In the meantime, the first principal of the High School, Prof. Sanborn, resigned in November 1897 for health reasons. He retained his seal as a Trustee and would return after a year’s recuperation.{***}

{***In June 1930, after Prof. Sanborn’s death, the Alumni Association passed a very laudatory resolution on his contributions to Hampton Academy.}

There were 23 applicants for the vacant position and Dr. John D. Logan, with degrees from Dartmouth College and Harvard College, seemed “most preferable.” From the Trustees’ book: “Testimonials were then read as to Prof. Logan’s character and ability from Pres. Eliot (of Harvard) and others.” He was hired but remained only to the end of the school year with Prof.
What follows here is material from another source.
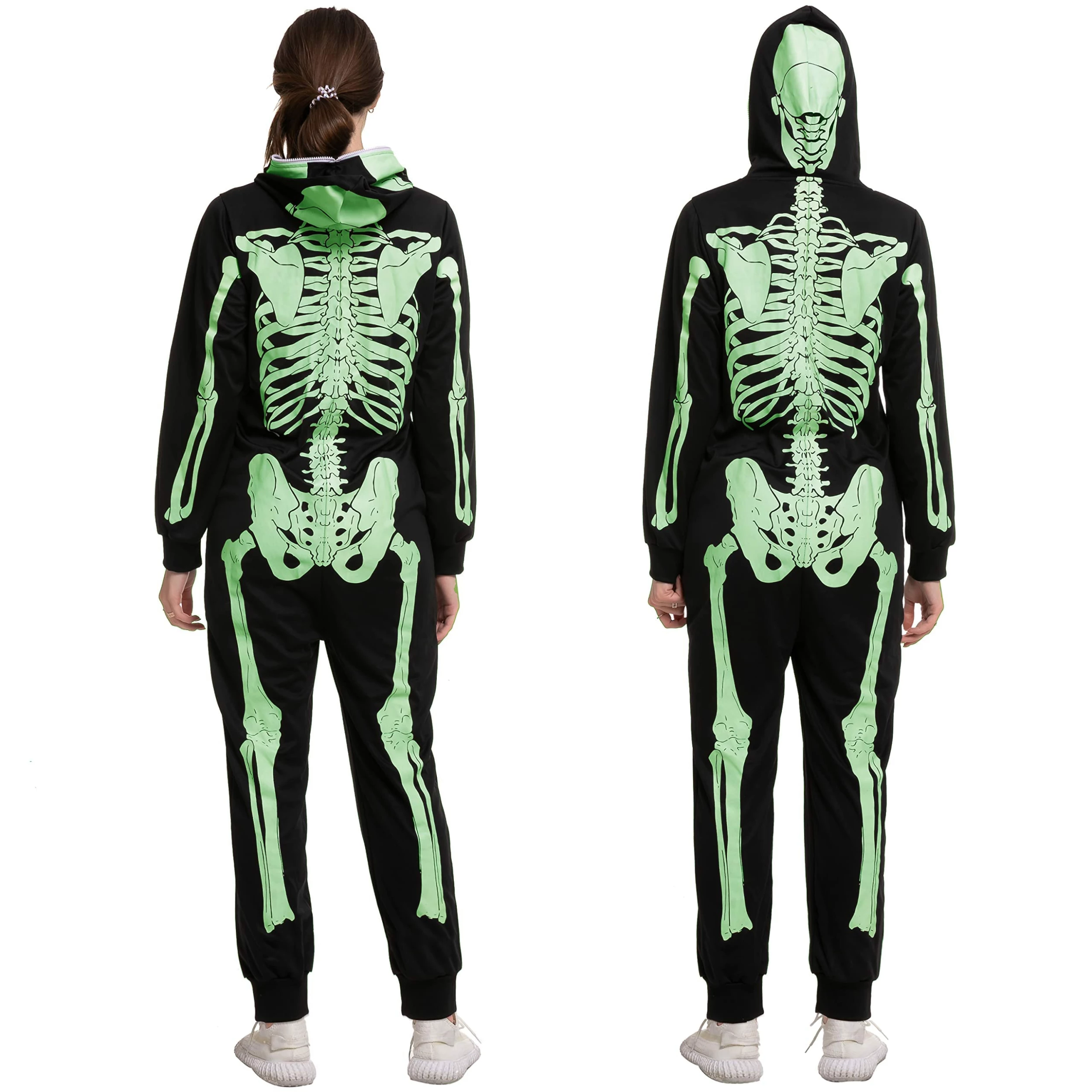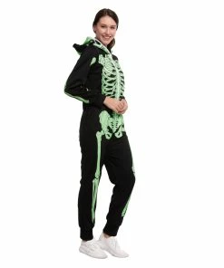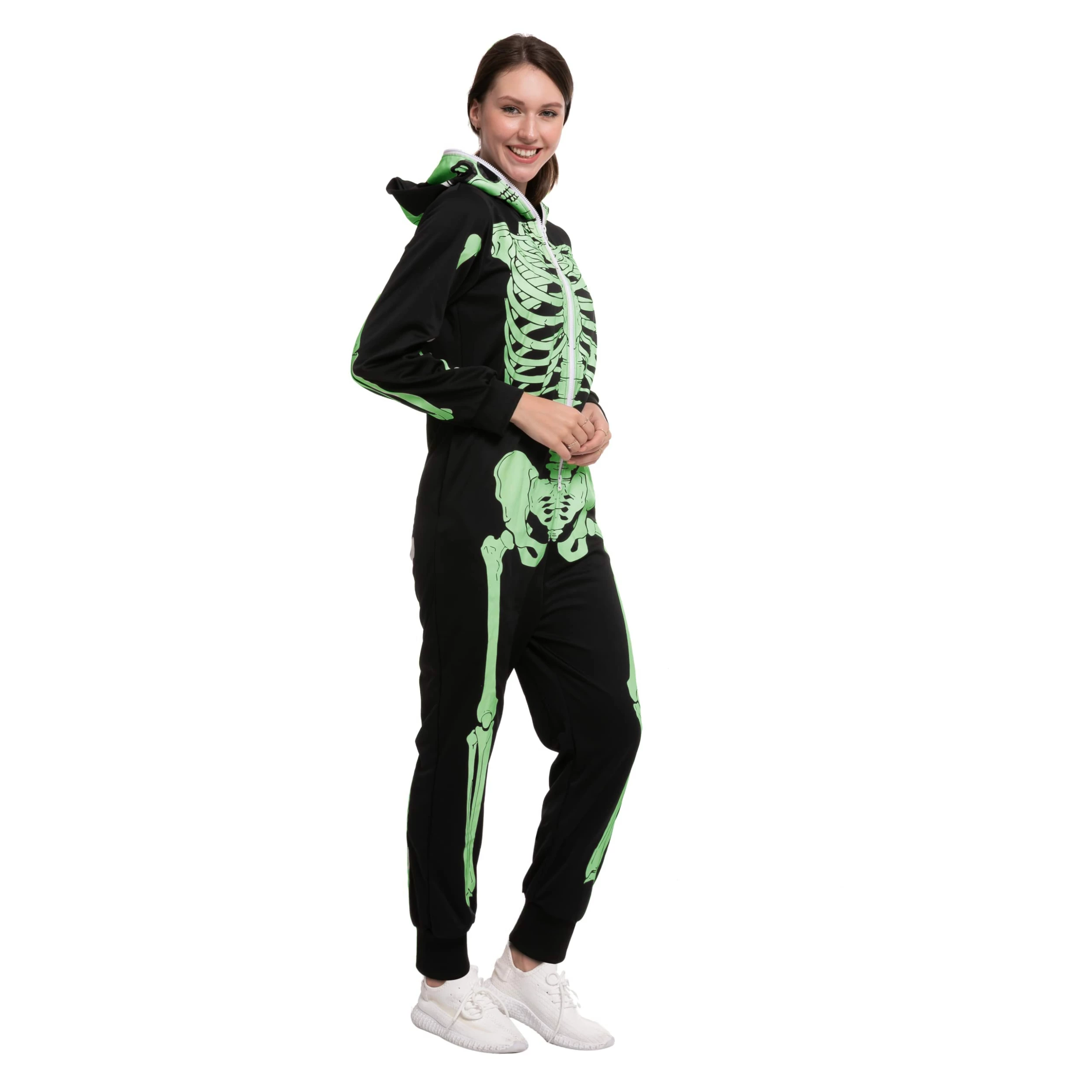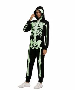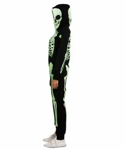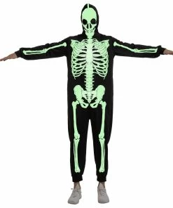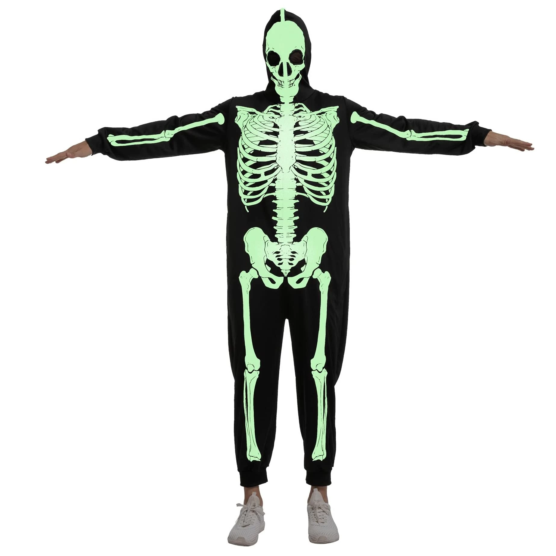 - Our Skeleton costume includes 1 piece of Glow in the Dark skeleton themed jumpsuit sleepwear pajamas. Features a glow in the dark printed skeleton on the front and the back of the costume and a zipper that goes over the head. Easily wear the costume and get undressed.

Sanborn being rehired at his old salary of $800 per year.

With the added Town appropriation and an amount for supplies plus borrowing by the Trustees, the old debt of the Academy was paid off in 1897. But payments on the new note were burdensome. Rev. Ross still had to sell the taxpayers of Hampton on the idea of keeping their support at $600 which represented about half of the income of the Corporation. In his reports to the Town in 1898 and 1899, he wrote that the Academy could not remain open with less than the current support. “Hampton,” he stated, “could not have a High School, as such as she now has, for three times the appropriation, were it not for the Academy.” For the three terms ending with the Winter Term 1898-99, there were 47 enrollees: six in the graduating Class of 1898, seven in the Senior Class graduating in 1899 (only five would graduate), 13 in the Advanced Middle Class. 14 in the Middle Class, and seven in the Junior Class. During that March-to-March period, $600 was received from the Town for tuition and $58 (down $100 from the previous year) for supplies. $280 was realized from investments, $261 was paid for nonresident tuition, and $29 was realized from the sale of books. There was no income listed from the rent of the hall although $35 had been received for that item in 1896-97. Expenses for diplomas (about $7 during these years) were listed as “supplies.” All expenditures fell in the categories of teachers’ salaries, supplies and janitor’s salary ($25).

In the summer of 1899, the Academy building got ready for the 20th century – its shingling and a badly needed painting were provided through a $200 gift from Mr. Tuck which was solicited by Trustee C.C. Toppan. And a donation of “valuable books” through the influence of a Gen. Gale was the object of a Trustees’ vote of appreciation. The next summer, slate blackboards and a central heating system were installed.

The Perkins Post of the Grand Army of the Republic, Hampton, had, indeed, rented the Academy hall, for in 1899 the Trustees elected a committee of one “to confer with the Grand Army in regard to the cannon in the Academy yard.”